- **ABOUT THIS TASK**: When you reach a picture, pass over it; otherwise repeat the listing word for word.
*** Block opens ***
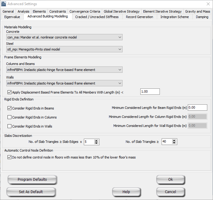 For each SeismoBuild project it is possible to customise both the usability of the program as well as the performance characteristics of analytical proceedings, so as to better suit the needs of any given structural model and/or the preferences of a particular user. This program/project tweaking facility is available from the Analysis Parameters module or the Advanced Settings panel, which can be accessed through the Advanced Settings button.
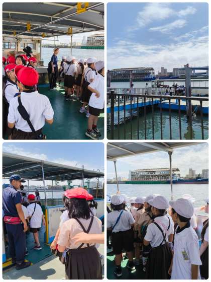 現在3年生は、総合的な学習の時間の学習で南津守について学習をし、調べています。その時に、南津守に「めがねばし」があるから調べたいということが出てきましたので、木津川を通るわたしぶねに乗らせていただくことになりました。そのため、今日は2・3時間目に行ってきました。初めて乗ったこと子どもたちが多く、子どもたちの振り返りでは、「千本松渡船は自転車が乗れるのを初めて知った」や「船にはいすがないの?」、「むりょうでのれるの?」などが出てきました。体験をさせてもらうよい経験になったと思います!♪
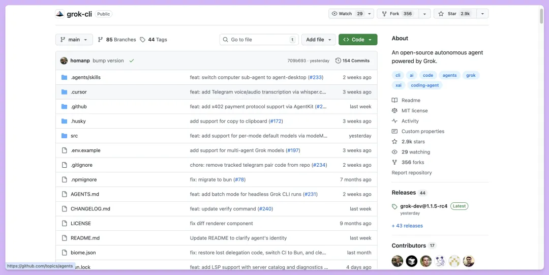 官方仓库:https://github.com/superagent-ai/grok-cli
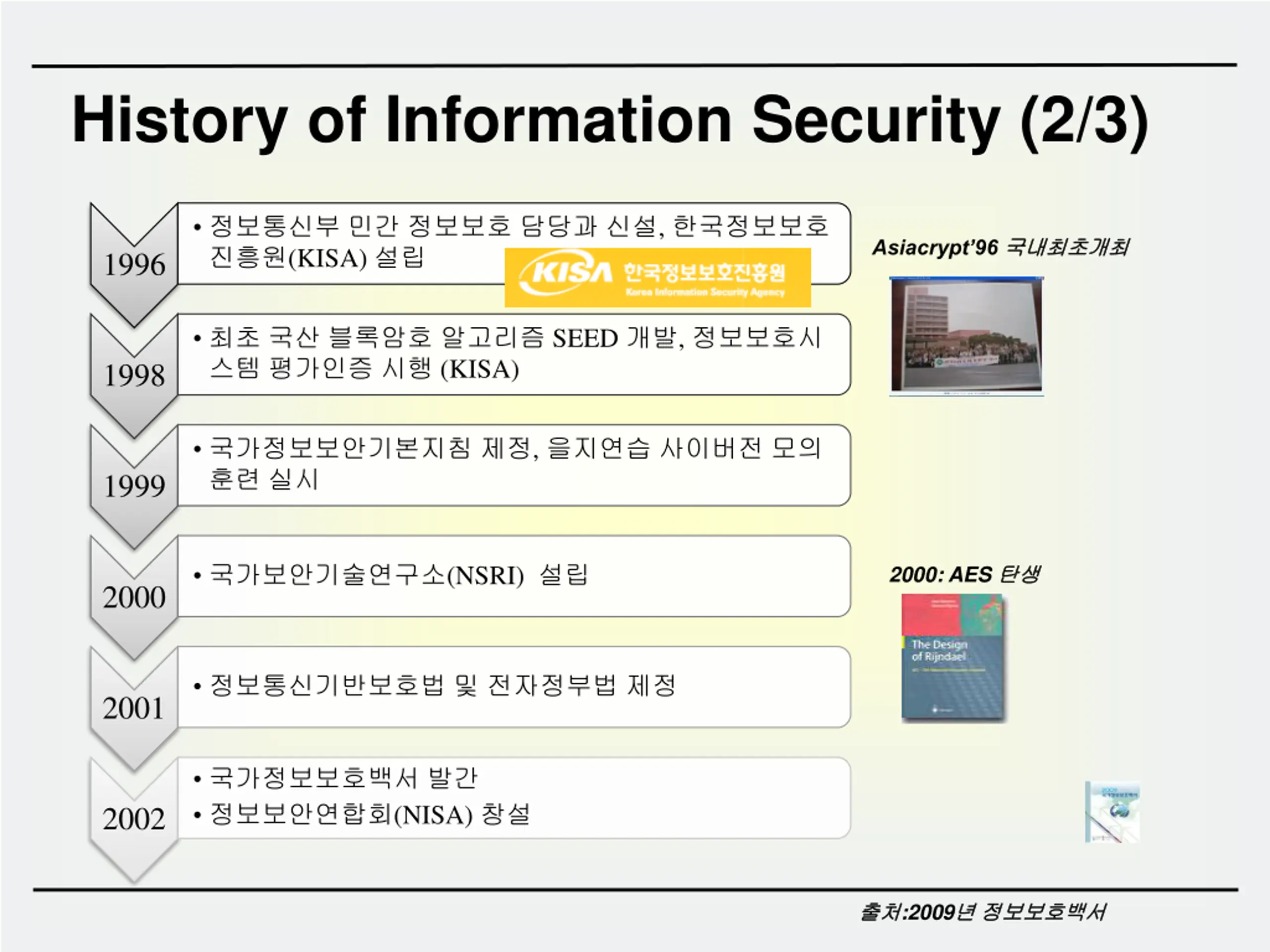 History of Information Security (2/3) , (KISA) Asiacrypt 96 1996 SEED , (KISA) 1998 , 1999 (NSRI) 2000: AES 2000 593963 2001 (NISA) 2002 :2009
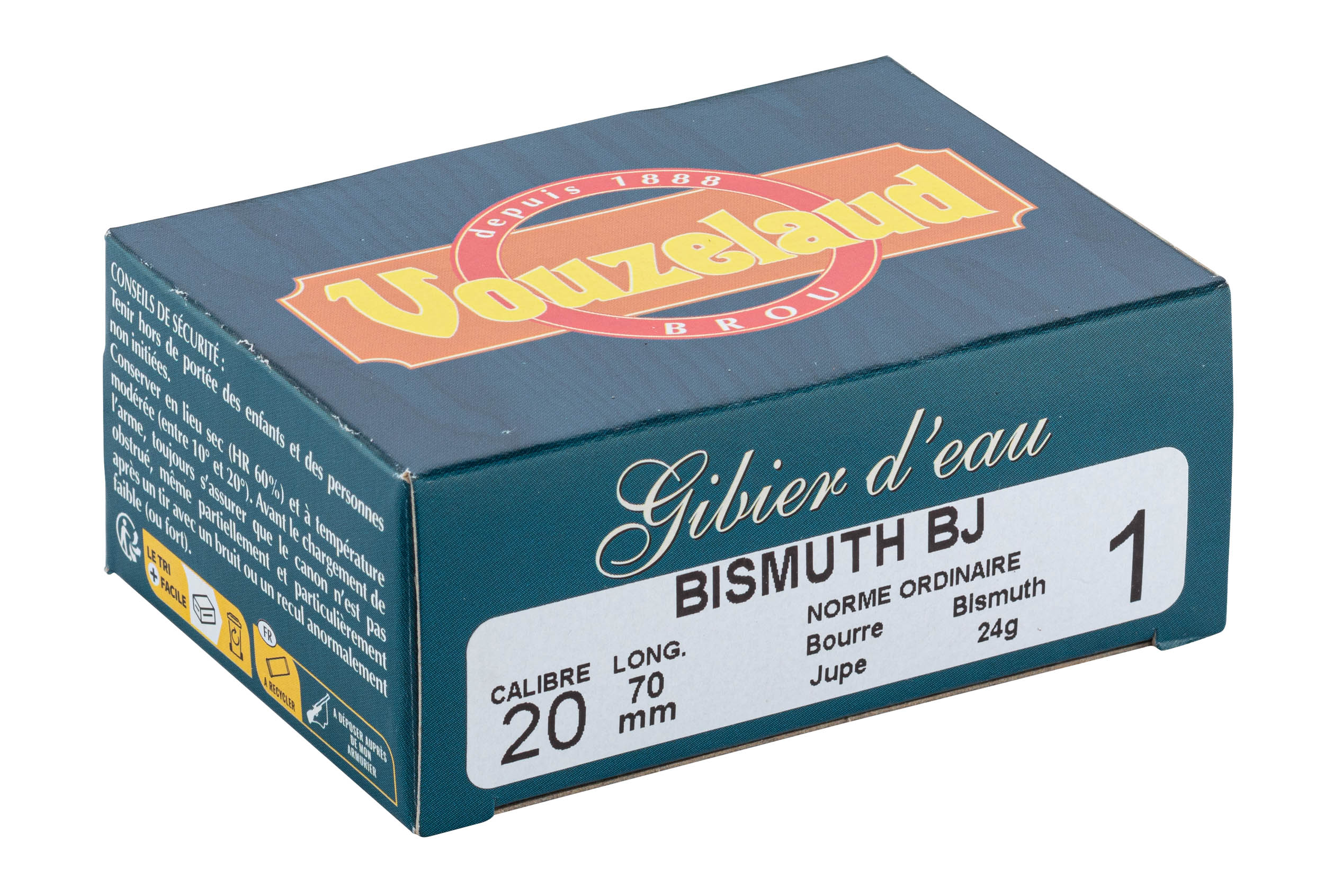 | Réf. ML3331 | Désignation VOUZELAUD - BISMUTH - CAL.20/70 - 24gr - P.1-BTE/10 | Catégorie légale C | Pression des cartouches SP (Pressions Standards) | Calibre cal. 20 | Chambre (mm) 70 mm | Culot (mm) 16 | Vitesse (m/s) 400 | Bourre Jupe | N° de Plombs 1 | Cdt 10 | Grammes 24 | Coloris Jaune |
*** Block closes ***
- **TASK OUTPUT**:
 For each SeismoBuild project it is possible to customise both the usability of the program as well as the performance characteristics of analytical proceedings, so as to better suit the needs of any given structural model and/or the preferences of a particular user. This program/project tweaking facility is available from the Analysis Parameters module or the Advanced Settings panel, which can be accessed through the Advanced Settings button.
 現在3年生は、総合的な学習の時間の学習で南津守について学習をし、調べています。その時に、南津守に「めがねばし」があるから調べたいということが出てきましたので、木津川を通るわたしぶねに乗らせていただくことになりました。そのため、今日は2・3時間目に行ってきました。初めて乗ったこと子どもたちが多く、子どもたちの振り返りでは、「千本松渡船は自転車が乗れるのを初めて知った」や「船にはいすがないの?」、「むりょうでのれるの?」などが出てきました。体験をさせてもらうよい経験になったと思います!♪
 官方仓库:https://github.com/superagent-ai/grok-cli
 History of Information Security (2/3) , (KISA) Asiacrypt 96 1996 SEED , (KISA) 1998 , 1999 (NSRI) 2000: AES 2000 593963 2001 (NISA) 2002 :2009
 | Réf. ML3331 | Désignation VOUZELAUD - BISMUTH - CAL.20/70 - 24gr - P.1-BTE/10 | Catégorie légale C | Pression des cartouches SP (Pressions Standards) | Calibre cal. 20 | Chambre (mm) 70 mm | Culot (mm) 16 | Vitesse (m/s) 400 | Bourre Jupe | N° de Plombs 1 | Cdt 10 | Grammes 24 | Coloris Jaune |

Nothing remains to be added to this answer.